> **DATA RECORDS**:
<<<<

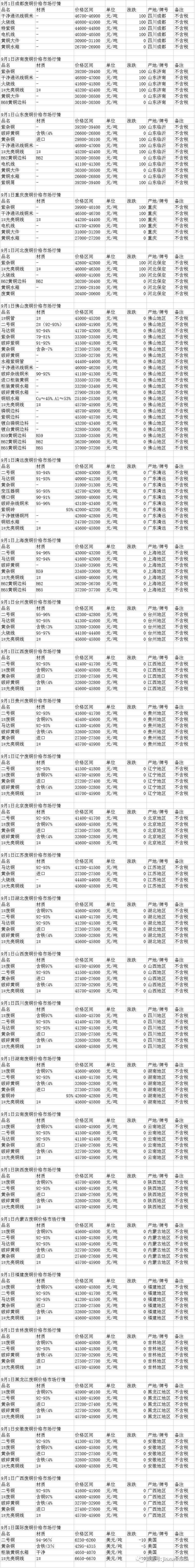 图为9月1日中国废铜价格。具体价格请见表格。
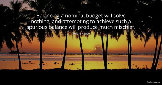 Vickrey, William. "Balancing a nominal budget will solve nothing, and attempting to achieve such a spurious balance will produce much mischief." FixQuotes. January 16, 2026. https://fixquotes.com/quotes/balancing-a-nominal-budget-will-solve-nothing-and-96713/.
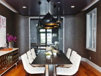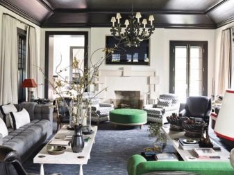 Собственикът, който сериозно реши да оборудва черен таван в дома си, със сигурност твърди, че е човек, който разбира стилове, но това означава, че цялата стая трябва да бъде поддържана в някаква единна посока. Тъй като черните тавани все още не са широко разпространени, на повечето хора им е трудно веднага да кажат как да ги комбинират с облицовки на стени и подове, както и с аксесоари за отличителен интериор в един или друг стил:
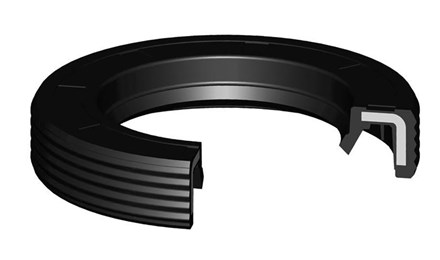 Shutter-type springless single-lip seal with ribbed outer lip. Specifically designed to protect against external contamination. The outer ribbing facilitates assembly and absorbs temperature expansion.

>>>>
<<<<

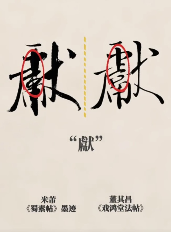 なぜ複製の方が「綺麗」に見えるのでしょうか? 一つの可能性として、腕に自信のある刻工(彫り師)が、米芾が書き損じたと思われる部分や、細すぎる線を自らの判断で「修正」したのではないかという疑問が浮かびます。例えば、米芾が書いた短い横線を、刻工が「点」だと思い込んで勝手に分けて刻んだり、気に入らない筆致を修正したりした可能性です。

>>>>
<<<<

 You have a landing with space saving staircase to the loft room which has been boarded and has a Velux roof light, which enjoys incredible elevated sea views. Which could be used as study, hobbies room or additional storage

>>>>

Copy out exactly the lines above beginning with the line that contains "a nominal budget" and finishing with the line that contains "Shutter-type springless single-lip", including both; leave the pictures out.

 Vickrey, William. "Balancing a nominal budget will solve nothing, and attempting to achieve such a spurious balance will produce much mischief." FixQuotes. January 16, 2026. https://fixquotes.com/quotes/balancing-a-nominal-budget-will-solve-nothing-and-96713/.
 Собственикът, който сериозно реши да оборудва черен таван в дома си, със сигурност твърди, че е човек, който разбира стилове, но това означава, че цялата стая трябва да бъде поддържана в някаква единна посока. Тъй като черните тавани все още не са широко разпространени, на повечето хора им е трудно веднага да кажат как да ги комбинират с облицовки на стени и подове, както и с аксесоари за отличителен интериор в един или друг стил:
 Shutter-type springless single-lip seal with ribbed outer lip. Specifically designed to protect against external contamination. The outer ribbing facilitates assembly and absorbs temperature expansion.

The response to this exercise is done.